1. A method of continuously rolling a product in consecutive upstream and downstream roll stands, with the product exiting from the upstream roll stand at a velocity v₁ that is higher than the take in velocity v₃ of the downstream roll stand, said method comprising:

directing the product exiting from the upstream roll stand along an axis to an accumulator arranged between said roll stands, said accumulator having a curved laying assembly with an entry end aligned with said axis to receive said product, and an exit end spaced radially from said axis to deliver said product in an exit direction transverse to said axis;

during a first time interval, maintaining said laying assembly stationary, with its exit end aligned with a guide leading to said downstream roll stand, thereby delivering said product via said guide for rolling in said downstream roll stand at its take in velocity v₃, while excess product resulting from the velocity differential v₁–V₃ continues to be delivered from said upstream roll stand;

temporarily storing said excess product in a looper arranged between said accumulator and one of said roll stands;

during a second time interval, rotatably accelerating said laying assembly about said axis to an operational speed at which said exit end has a velocity v₂ equal to v₁–V₃, thereby decelerating the product being delivered from said exit end to the velocity v₃;

during a third time interval, continuing to rotate said laying assembly at said operational speed, the curvature of said laying assembly and the orientation of said exit end being such as to form the product delivered from said exit end in excess of that being rolled in said downstream roll stand into a helix;

depositing and accumulating said helix on a cylindrical drum rotatable about said axis; and

rotating said drum in a direction opposite to the direction of rotation of said laying assembly to thereby unwind said helix via said guide to said downstream roll stand at velocity v₃.

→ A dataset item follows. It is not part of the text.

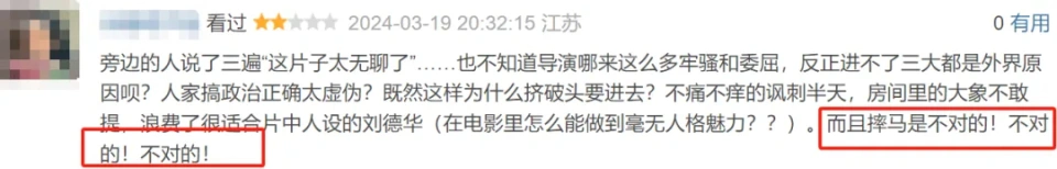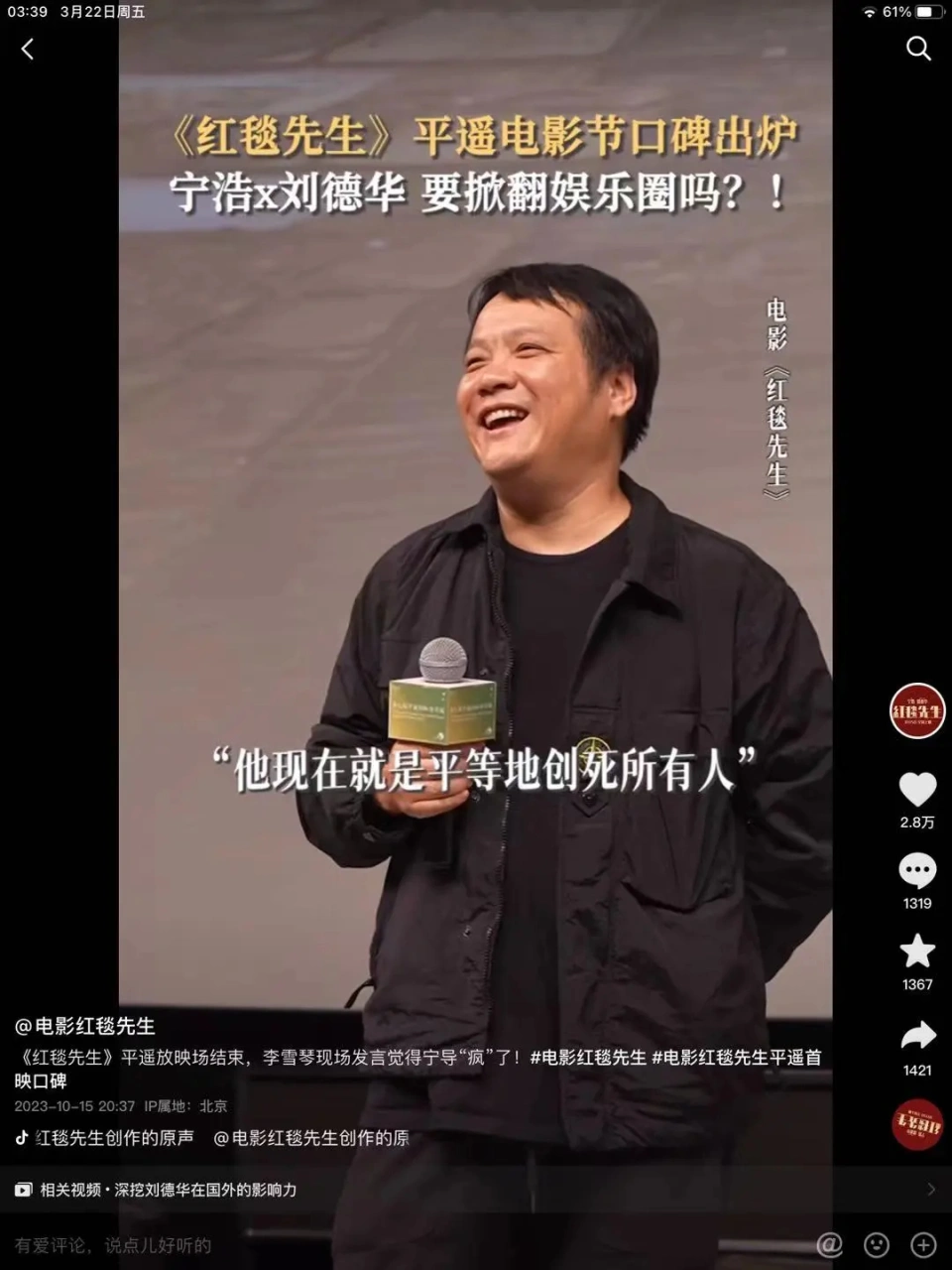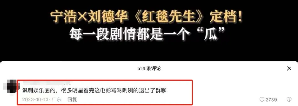 宁浩大概没有想到终极会是如许的结果:当他向这个天下投下一个问号,却终极,无人答复。 是的,《红毯老师》又一次跟观众沟通失败了。 票房上,撤档再次上映,首日票房没凌驾250万,首日人次6.36万,累计票房至今仍未破亿。 乐意进影院跟宁浩、刘德华沟通、交换的人并不多。 热度上,“调档、撤档”仍然是最大话题,关于影戏表达了什么,有的观众直接表现“不在乎”。 乐意就影戏创作跟导演聊聊的观众,也不多了。 就像是一代巨星,忽然被大众扬弃了。 下一个冯小刚? 不。 回过头来再看《红毯老师》,Sir会以为很痛惜,究竟这是本年春节档里难过的拥有作者表达的影戏,这让人有些意难平。 但Sir更多的是,狐疑。 作为观众最认识的导演之一,宁浩这次为什么跟各人沟通失败? 本日就来聊聊。 是什么拦住了宁浩跟观众的沟通。 01 还是要聊一下影戏,在我们讨论宁浩之前,必要弄清晰的一点是: 他这次到底想跟各人说什么? 如许的题目对许多人来说似乎有些“显而易见”了,他们会说,不就是辣评娱乐圈,解构“天王”光环嘛。 但真的云云吗? 宁浩说这是他构思了许多年的影戏,乃至从《疯狂的外星人》时就开始筹办了,终极,只是拍一部娱乐笑剧? 固然不是。 这些,只是宁浩的烟雾弹。 宁浩想说的,他早就以“戏中戏”的方式告诉各人了: 影戏里的焦点主线,天王刘伟驰(刘德华 饰)为了得到影帝,去接了一部农村题材的影戏。 导演林浩(宁浩 饰)跟他说,这是一部关于沟通与私见的影戏。 沟通与私见。 宁浩借林浩之口,不动声色地点出《红毯老师》的主题。 整部影戏,更是像宁浩投出一块名叫“沟通”的石头,泛起层层“沟通无效”的荡漾,末了连成了人与人之间互不明确的怪诞实际。 比如说,家庭之间的沟通。 就像刘伟驰每次都会和老婆吵架,一个单方面输出,另一个回避、打马虎眼,终极不欢而散。 大概说,代际之间的沟通。 简单来说,就是老一辈在守旧,新一辈在赶潮,当新与旧相遇,相互之间都不明确对方的做法,相互还带着点儿瞧不上。 666很土,liao liao liao很棒 最紧张的则是圈层之间的沟通。 导演与投资商、大明星与农夫、影戏人与网友,乃至于明星与助理之间都存在着无法消除的无效沟通。 它无差别地扫射着人与人的关系。 就像拍一部影戏,导演想表达“沟通与私见”主题,主演以为“应当讲父爱好一点”,经纪人只顾着满足主演的要求。 而投资人大手一挥: 影戏故事对我来说就是nothing 但仅仅云云吗? 不。 我们可以回过头来再看一遍虐马变乱。 这是影片最大的戏剧辩说。 刘伟驰为了“影戏节必要故事”,以莱昂纳多的《荒野求生》为榜样,不消替人,骑马真摔。 终极导致的状态就是,当事人刘伟驰以为这是“为艺术献身”,网络大众以为这是虐马、失德、劣迹。 投资方撤资,借机自我宣传一波,导演烦恼影戏还能不能拍下去,公关团队只想根据公关计谋平息舆论。 到底有没有虐马?马有没有受到伤害?当事人的真实想法? 无人在意。 哗闹尘上的是跟风玩梗、跟风开嘲。 没有人看到,马在被摔后,得到了妥善的照顾,在大豪宅里悠哉踱步。 是的,宁浩终极想说的,实在是当下的怪诞。 他不明确这个天下怎么变成了如许: 舆论导向可以一天一个样,道德尺度可以随时被击倒,每个人的欲念、感情、视角、态度、长处、代价观存在的差别与抵牾云云不可调和,人与人之间的关系也渐渐变得告急、失语、互不明确。 有解吗? 歉仄,宁浩看似给出了“与本身息争”的答案,但实在他本身也没有什么答案。 他只是抛出疑问。 只是想与这个天下谈谈。 但柿攴斧。 却把本身变成了对着呆板人狂怒咆哮的刘伟驰。 话说得再多。 壹泵η成为投向虚空的一块石头。 02 故意思的是,如许的怪诞不止发生在戏内,乃至发生在戏外。 这让影片产生了一个“完满”的闭环。 仿佛是举动艺术一样平常,向我们展示着,任何人都无法对话任何人的怪诞实际。 一个词:拧巴。 就拿宣发来说,《红毯老师》最早打出的宣传点是什么? 掀翻娱乐圈。 红毯之外,圈内百态。 天王の不可说の机密。 这让大众对《红毯老师》的第一印象是“娱乐圈大尺度”“一起来吃瓜”。 片方并非没有往回拉过。 但在既定的印象内里,人们对“天王刘德华”“娱乐圈”的爱好要远宏大于所谓“沟通”的严肃思索。 就像同样在《红毯老师》的官方抖音下。 刘德华复现《金牌五猛将》耍枪名局面的视频得到300多万点赞,而前一天发布短视频明显更切中影戏内核,点赞量不外1.4万。 类似“既要又要”的拧巴做法还不少。 比如改档。 影片原定于2023年11月上映,可突发奇想,改档进了并不恰当的春节档,这使得影片票房昏暗,上映几天后,又突发奇想地撤档,改到了3月15日。 结果,票房更惨。 为什么会如许? 实在就是创作者、宣发、观众三者并不在一个频率上面。 导演想说的是沟通,为此他一反常态地使用了许多长镜头,让影片更沉静,更舒缓。 宣发想要的是票房,为此他们和影片里的环境一样,到场了大量鬼畜式的短视频营销。 而观众却只是以为,这个“瓜”吃得很闷。 就像许多人看完影戏的反馈: “大过年的,怎么一点都不可笑!” “这就是关于208W的影戏,我一个平常人,无法共情,无法明确。” “一个功成名就的导演,怎么还在怀才不遇发怨言?中年人的自怜!” “摔马就是虐马!虐马就是不对!” “又是一部夫

2. The method of claim 1 further comprising controlling the velocity of the product entering and exiting from said accumulator respectively with upstream and downstream driven pinch roll units.

3. The method of claim 2 wherein said looper is arranged between said downstream pinch roll unit and said downstream roll stand, operating said upstream and downstream pinch roll units to maintain the velocity of said product at v₁ during said first time interval, and operating said downstream pinch roll unit during said second time interval to decelerate said product from v₁ to v₃ at a rate inverse to the rate of acceleration of said curved guide.

4. The method of claim 2 wherein said looper is arranged between said upstream pinch roll unit and said upstream roll stand, operating said upstream pinch roll unit at velocity v₃ and said downstream pinch roll unit at velocity v₃ during said first time interval, and accelerating said upstream pinch roll unit during said second time interval to accelerate said product from v₃ to v₁ at the same rate as the rate of acceleration of said curved guide.